Fünfunddreißig Jahre später sind diese Bestrebungen immer noch gültig und die Betonung liegt auf dem „Health Empowerment“, mit dem Ziel sicherzustellen, dass Patienten kritisch denken, gut informiert sind und die Fähigkeit haben, Entscheidungen im Umgang mit ihrer eigenen Gesundheit zu treffen. Die zentralen Ziele der Kampagnen der WHO erklären die Absicht, jeden Winkel des Planeten mit Gesundheit zu erreichen. Die Feierlichkeiten im Jahr 2021 laden uns ein, uns gemeinsam an einer neuen Kampagne zum „Aufbau einer gerechteren und gesünderen Welt“ zu beteiligen.

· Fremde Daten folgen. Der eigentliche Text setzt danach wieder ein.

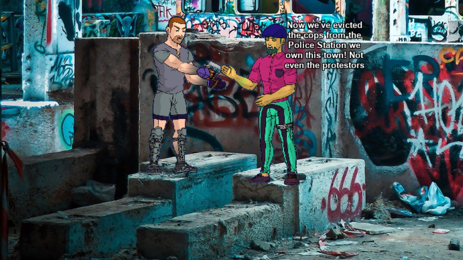 In this side-scrolling platform shooter, you play John Ombar: a traumatized war veteran who is trying to settle into civilian life with his wife, Jenny. When the city's residents and law enforcement agencies are distracted by widespread protests, a deeply entrenched gang of law-breakers seizes upon the opportunity to take control of the city. Suppressing all opposition with violence and threats, the gang is free to execute its drug-peddling, gun-running and more.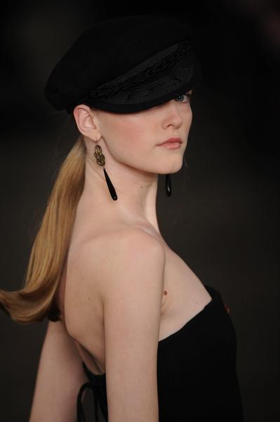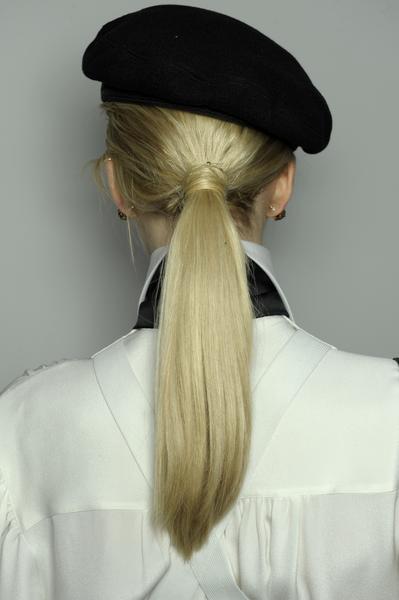 Look beauté sur le défilé Ralph Lauren: teint glossy et maquillage minimaliste (lèvres pêche et mascara léger), un peu de volume est créé au dessus de la tête pour ramener les cheveux en queue de cheval. On masque l’élastique avec une mèche, of course!

 Doch zwischen Anspruch und Wirklichkeit klafft eine große Lücke

Der Stand der Wissenschaft in den vielfältigen Zweigen, die mit der Gesundheit verbunden sind, ist seit Jahrzehnten in der Lage, die Mehrzahl der Krankheiten zu eliminieren oder zu minimieren, die weiterhin Schmerzen verursachen, die zu einem vorzeitigen Tod führen, die uns daran hindern, eine massiv höhere Lebenserwartung zu erreichen, als wir sie heute kennen.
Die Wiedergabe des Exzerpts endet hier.